Se curarsi diventa sempre più “lussuoso”

Difficoltà di accesso alle prestazioni, cattive condizioni delle strutture, medici di famiglia e pediatri meno “disponibili”, deficit e alti costi dell’assistenza residenziale e domiciliare, prezzi, limitazioni e indisponibilità dei farmaci, documentazione sanitaria incompleta o inaccessibile, lentezza del riconoscimento di invalidità e handicap, maggiori criticità nella rete dell’emergenza-urgenza: sono le principali questioni emergenti dal XIX Rapporto PIT Salute, presentato da Cittadinanzattiva, che fotografa un Servizio Sanitario Nazionale decisamente “in ritirata”

Immagine sfuocata di operatori sanitari in fondo a un corridoio di ospedaleDifficoltà di accesso alle prestazioni, cattive condizioni delle strutture, problemi nel rapporto con medici di famiglia e pediatri, deficit e costi dell’assistenza residenziale e domiciliare, criticità per costi, limitazioni e indisponibilità dei farmaci, documentazione sanitaria incompleta o inaccessibile, lentezza nella procedura di riconoscimento dell’invalidità e dell’handicap, maggiori criticità nella rete dell’emergenza-urgenza: sono queste le principali questioni che emergono dal XIX Rapporto PIT Salute (Servizio Sanitario Nazionale: accesso di lusso), presentato a Roma da Cittadinanzattiva e basato su quasi 21.500 segnalazioni giunte ai Servizi PIT Salute Nazionale e Regionali e alle sedi locali del Tribunale per i Diritti del Malato della stessa Cittadinanzattiva.
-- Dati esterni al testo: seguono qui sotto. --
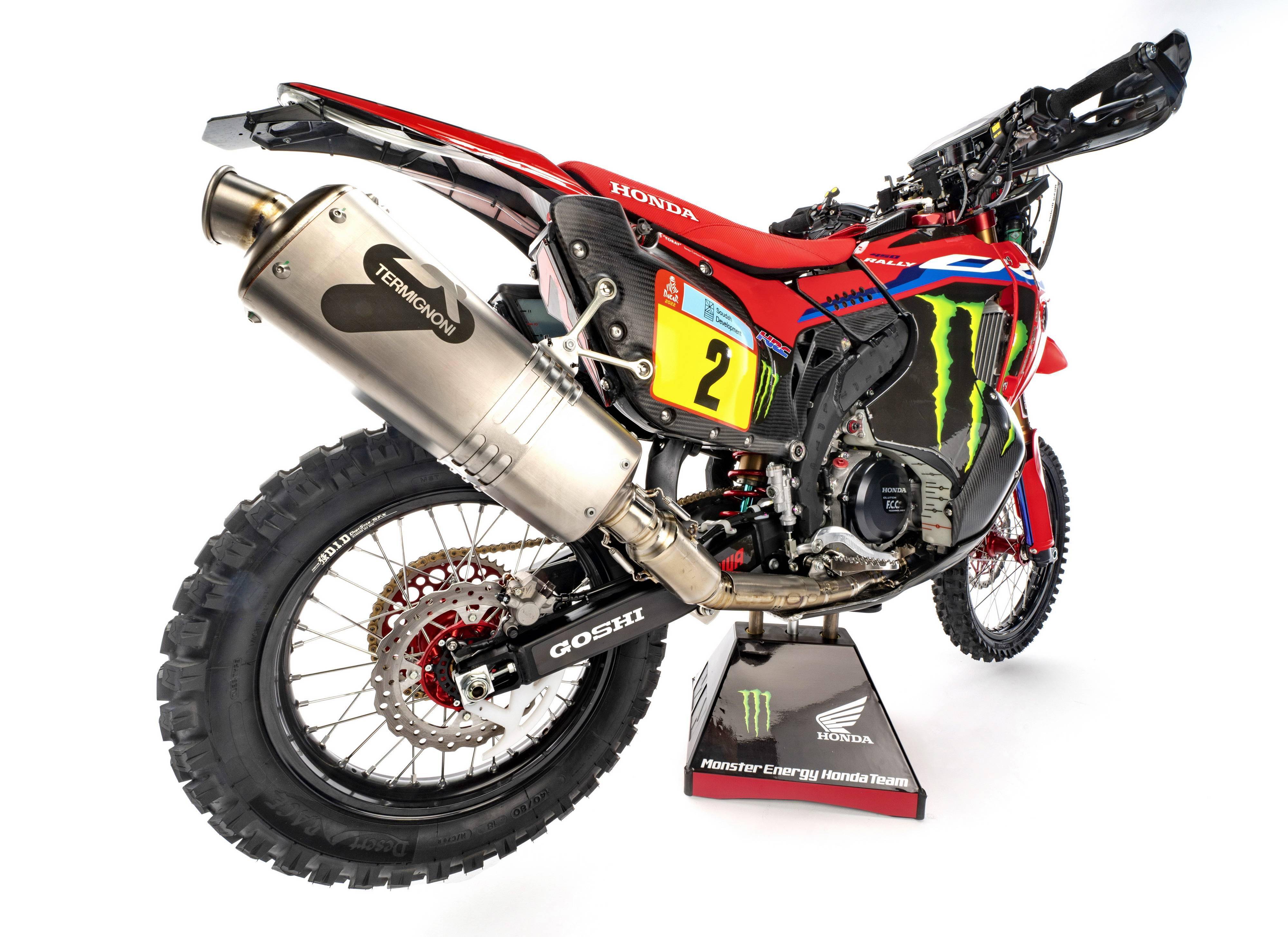 HRC 的達(dá)喀爾拉力賽/ FIM 越野拉力世界錦標(biāo)賽里的工廠賽車 CRF450 Rally,以市售越野賽車 CRF450R/CRF450X 為基礎(chǔ)、經(jīng)過大量改裝而成,搭載一副水冷四沖程單氣缸的發(fā)動(dòng)機(jī),車體采用一副雙翼樑式的車架,特制的賽車懸掛系統(tǒng)等。HRC 稱,自 2018 年對(duì) CRF450 Rally 工廠賽車進(jìn)行了大幅升級(jí)之后,其戰(zhàn)斗力是有目共睹的。新版本的工廠賽車,是以之為基礎(chǔ)作進(jìn)一步更新之后的成果。

«Se lo scorso anno – commenta Tonino Aceti, coordinatore nazionale del Tribunale per i Diritti del Malato – avevamo denunciato che si stavano abituando i cittadini a considerare il privato e l’intramoenia come prima scelta, ora ne abbiamo la prova: le persone sono state abituate a farlo per le prestazioni a più basso costo (ecografie, esami del sangue ecc.), ma non perché non vogliano usufruire del Servizio Sanitario Nazionale, bensì perché vivono ogni giorno un assurdo: per tempi e peso dei ticket, a conti fatti, si fa prima ad andare in intramoenia o nel privato. E il Servizio Sanitario Nazionale, in particolare sulle prestazioni meno complesse, e forse anche più “redditizie”, ha di fatto scelto di non essere la prima scelta per i cittadini».
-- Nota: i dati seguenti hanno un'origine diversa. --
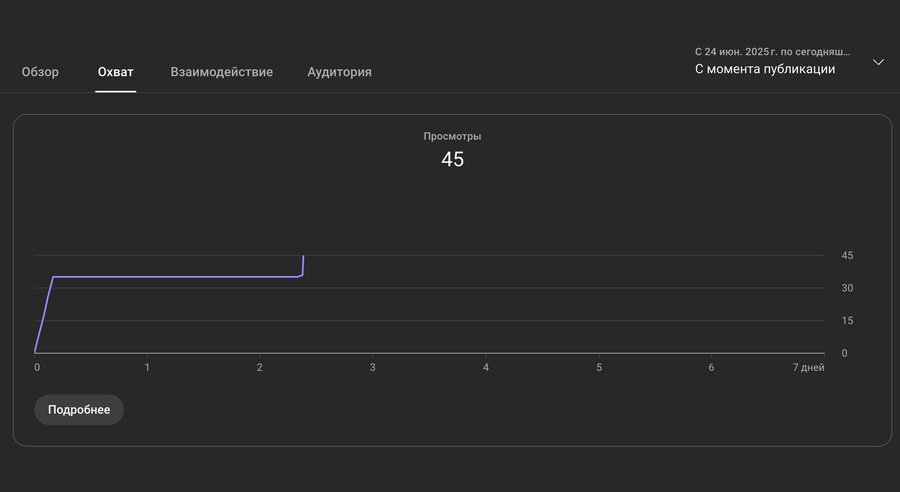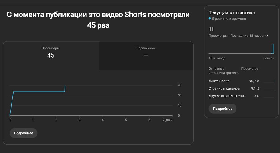 На YouTube Shorts: — Видео посмотрели всего 45 раз. — Не было вообще никакой вовлечённости.
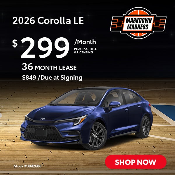 Terms available on approved credit through Toyota Financial Services (TFS) at participating Toyota dealers. Not all customers qualify. Lease example based on 2026 Corolla LE with Total SRP of $24808, net capitalized cost of $21852, and a lease end purchase amount of $16373. $849 Due At Signing includes $849 customer down payment, first month's payment of $299 for 36 months, and a $750 Acquisition Fee. Security deposit required with exception of prior Toyota Financial Services (TFS) financing history and/or TFS credit rating in which a security deposit may be waived. Tax, title, license are extra. Cash from TMS must be applied as a capitalized cost reduction (down payment) that is excluded from due at signing; no cash back option. Dealer contribution may vary and could affect lease payment. Individual dealer prices, monthly payment, and other terms and offers may vary. Must lease from participating dealer's stock and terms are subject to vehicle availability. Lessee responsible for maintenance, excess wear and use, and will pay $0.15 per mile for all mileage over 30000 miles. $350 disposition fee is due at lease end. Doc Fee: $200. Cannot be combined with TFS Finance Cash, Down Payment Assistance, Trade-in Assistance, Customer Cash, APR, Finance Subvention Cash. Offer available in OR regardless of buyer's residency; void where prohibited. Expires Tue Mar 31 2026. Dealer sets final price. See your participating Toyota dealer for details. Toyota Financial Services is a service mark used by Toyota Motor Credit Corporation (TMCC). Retail installment accounts may be owned by TMCC or its securitization affiliates and lease accounts may be owned by Toyota Lease Trust (TLT) or its securitization affiliates. TMCC is the servicer for accounts owned by TMCC, TLT, and their securitization affiliates. VIN: 3042606.

«Altro elemento assurdo – prosegue Aceti – è che si sta parlando di prestazioni previste nei LEA (Livelli Essenziali di Assistenza) e quindi di un diritto. In pratica è questa la “revisione dei LEA” che i cittadini già sperimentano ogni giorno! Per la maggior parte delle persone, invece, il Servizio Sanitario Nazionale rimane quasi insostituibile per le prestazioni a più alto costo, o per particolare impiego di alte tecnologie e professionalità sulle quali però esistono crescenti difficoltà di accesso, oltre che discriminazioni tra cittadini, alle prese con obsolescenza, fatiscenza, igiene, ritardi nella manutenzione e riparazione dei macchinari: tutti fattori che incidono sulla qualità e la sicurezza delle cure e dei luoghi di cura. Insomma, l’effetto sui cittadini delle scelte politico-amministrative è di un Servizio Sanitario Nazionale che sembra “in ritirata”».
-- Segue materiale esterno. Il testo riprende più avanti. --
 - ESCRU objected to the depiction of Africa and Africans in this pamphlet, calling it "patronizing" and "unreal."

«È sotto gli occhi di tutti – conclude il Coordinatore del Tribunale per i Diritti del Malato – la necessità di riallineare i problemi che vivono i cittadini quotidianamente, con le scelte e gli interventi delle Istituzioni. E per farlo è indispensabile garantire la partecipazione delle organizzazioni dei cittadini nella definizione, implementazione e valutazione delle politiche socio-sanitarie, a partire proprio dalla “questione LEA”. Chiediamo pertanto ancora una volta che rappresentanti delle organizzazioni di cittadini siano componenti del Comitato permanente per la verifica dei LEA e della Commissione nazionale per l’aggiornamento degli stessi». (S.B.)